Source data:
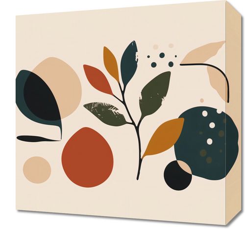 Obraz z serii minimalistyczne zatytułowany Ogród Melancholii. Grafika ta przedstawia kolekcję stylizowanych liści i kształtów, które tworzą spokojną i harmonijną kompozycję w ciepłej palecie barw - od głębokiego granatu po delikatne odcienie beżu i ochry, z akcentami w kolorze terrakoty. Każdy element graficzny, choć uproszczony, jest bogaty w detale, co nadaje plakatowi subtelną głębię i teksturę.Ten obraz będzie pięknie wyglądał w wnętrzach, gdzie naturalne materiały są na czele - takich jak drewno, kamień lub lniane tkaniny. Jego prosta, ale elegancka estetyka sprawia, że jest to idealny dodatek do salonu, jadalni, a nawet kuchni, wprowadzając do pomieszczenia spokój i równowagę.
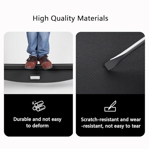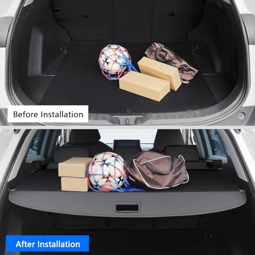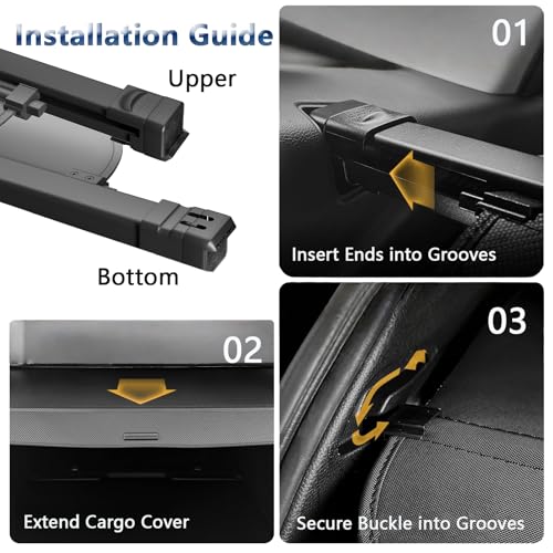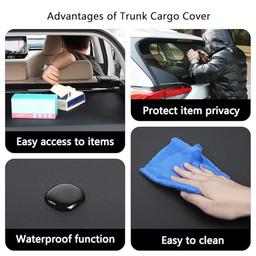 Function: 1.Durable & Reliable Cargo Cover: Waterproof, tear-resistant and built to last. 2.Privacy Protection: The retractable cargo cover organizer is easy to use by the handle on it. It creats a private room for your personal items and keep it safe from prying eyes, reducing theft risk. 3.UV Protection: The car cargo cover shields your belongings from harmful UV rays. The cargo cover can block out UV rays, helping to keep your items in better condition. 4.Organized Your Cargo Room: The cargo trunk cover also helps keep things in place, reducing this risk. And it is easy to use. Just put the trunk organizer into the original slots in the trunk, no tools needed! Quick and hassle-free setup in minutes.
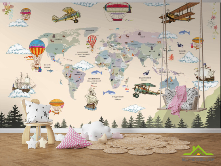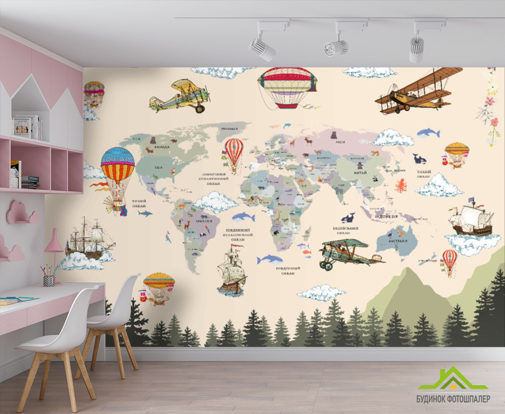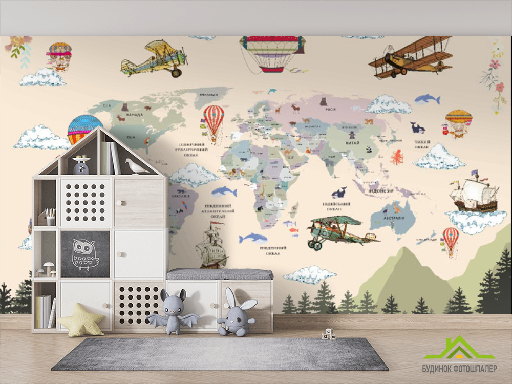 Фотошпалери Дитяча карта з лісом Фотошпалери Дитяча карта з лісом
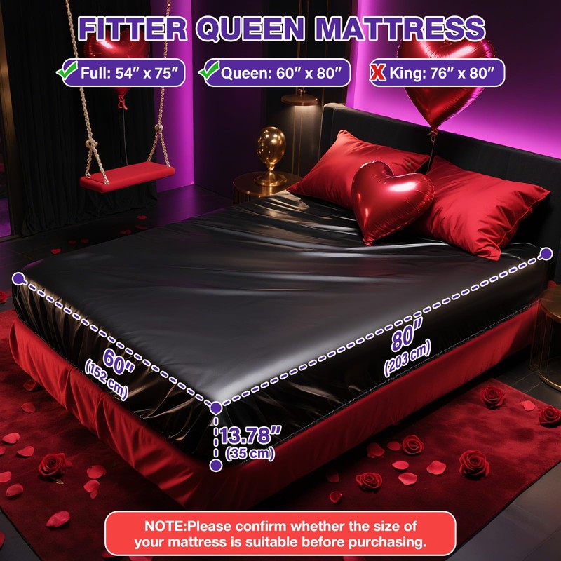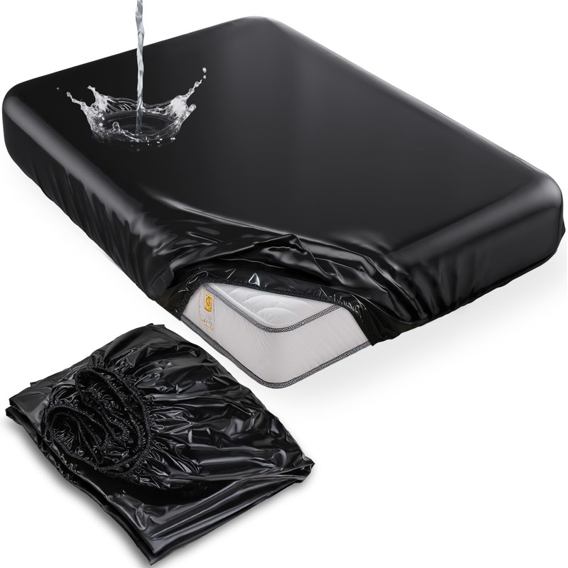 Vinyl Queen Fitted Massage Table Cover with Elastic Band, Fits Beds 80x60 inch Wide for SPA Beauty Tattoo Grafting Eyelash, Waterproof & Oilproof & Reusable, PVC Waxing Mat for Esthetician Bed (Black)
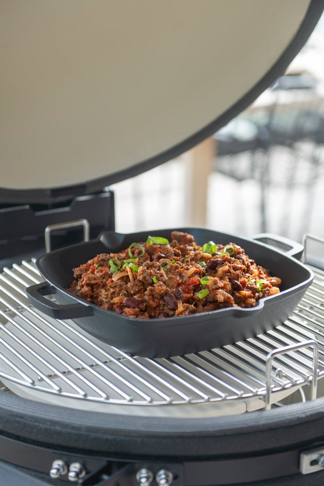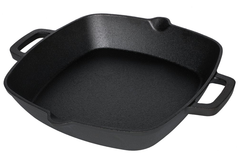 Neliönmuotoinen valurautapannu grilliin taikka keittiöön. Kaksi kiinteää kädensijaa ja kaksi kaatonokkaa. Koko 26 x 26 cm.
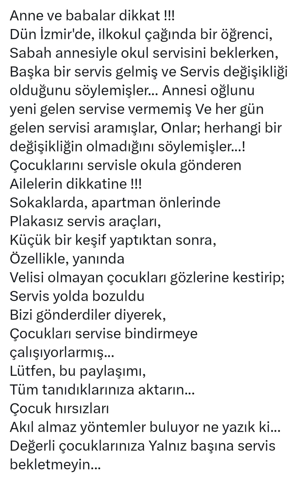Velilere göre benzer durumların farklı noktalarda yaşandığı, özellikle plakasız araçların çocukları servise bindirmeye çalıştığı yönünde iddialar bulunuyor. “Yolda arıza oldu, başka araç gönderildi” gibi açıklamalarla çocukların araçlara bindirilmeye çalışıldığı öne sürülüyor.
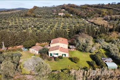 Si affitta bellissimo casolare toscano di mq 400 su due livelli con grande giardino recintato di mq 5000. La casa si trova in una posizione particolare sotto le colline nella campagna tra Castagneto e Bogheri circondata da secolari uliveti e famosi vigneti, a pochi minuti di auto dal mare . Zona tranquilla immersa nella natura , punto di partenza per escursioni a piedi e bicicletta. Al piano terreno grande cucina abitabile con camino, lavastoviglie, forno , microonde, salone di 70 mq con grande tavolo da pranzo, salotto con divani , poltrone e camino. Bagno , studio , cantina, lavanderia e ulteriore salotto. Al primo piano, bagno, 3 grandi camere matrimoniali di cui una con bagno privato e una camera doppia più piccola , totale 10/11 posti letto. Tutte le camere dispongono di impianto di aria condizionata indipendente. SI AFFITTA SOLAMENTE PER i PERIODI : AGOSTO PRIME 2 SETTIMANE DI SETTEMBRE
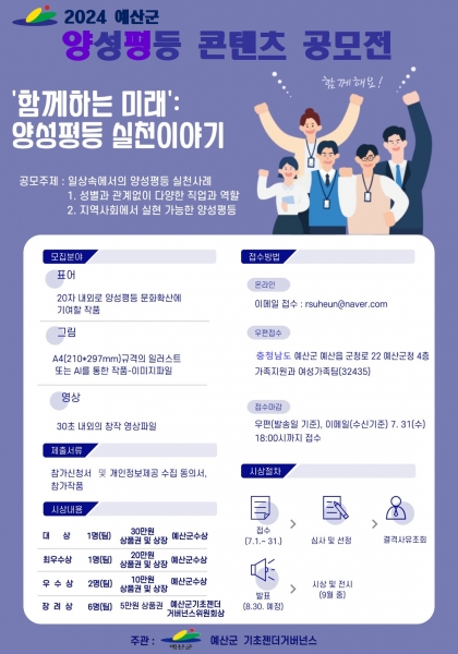 [Ytv영상스토리] 예산군과 예산군기초젠더거버넌스는 양성평등 문화확산을 위한 홍보·정책 추진의 일환으로 ‘2024년 예산군 양성평등 콘텐츠 공모전’을 개최한다.
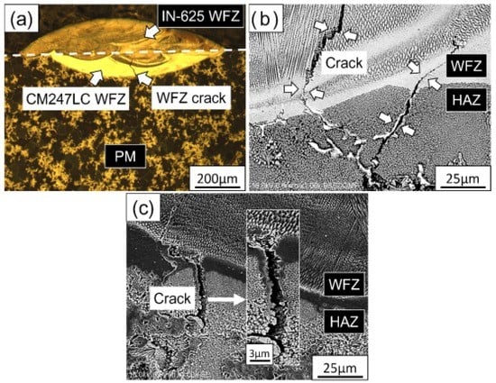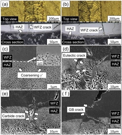CM247LC is a precipitation-strengthened nickel base superalloy that has an Al+Ti content exceeding 6 wt %. When a laser direct melting is conducted, various cracks (Figure 2a–f) are likely to occur during the solidification process. It is observed that in Figure 2a,b in Condition B or C, there are varying degrees of surface cracks and solidification cracks in WFZ, and that partial solidification cracks extend along the grain boundary from HAZ which penetrate directly through WFZ to the surface layer.
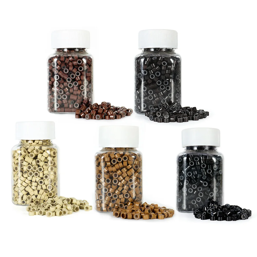 1000pcs Microlink Beads 5mm*3mm*3mm Silicone Lined Hair Extension Beads Micro Links Rings for Hair E...
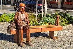 Lavička má podobu sedícího spisovatele s kloboukem a jednou kočkou na klíně a druhou sedící na opačné straně lavičky. Vedle spisovatele leží na lavičce několik knih. Během zimních měsíců je lavička přesouvána do veřejných prostor radnice.
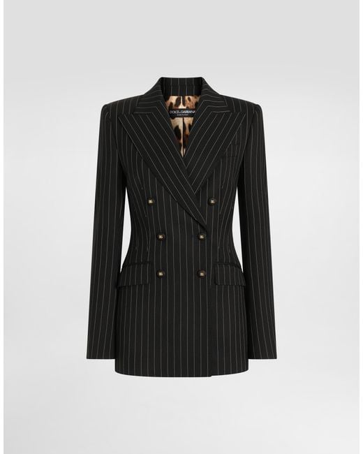 Women's Black Double-Breasted Pinstripe Wool Jacket

Instructions for the task - Starting with the line that holds "Lavička má podobu", return each line exactly through the final line of the entries above; pictures are not part of the output.

Exercise output -
 Lavička má podobu sedícího spisovatele s kloboukem a jednou kočkou na klíně a druhou sedící na opačné straně lavičky. Vedle spisovatele leží na lavičce několik knih. Během zimních měsíců je lavička přesouvána do veřejných prostor radnice.
 Women's Black Double-Breasted Pinstripe Wool Jacket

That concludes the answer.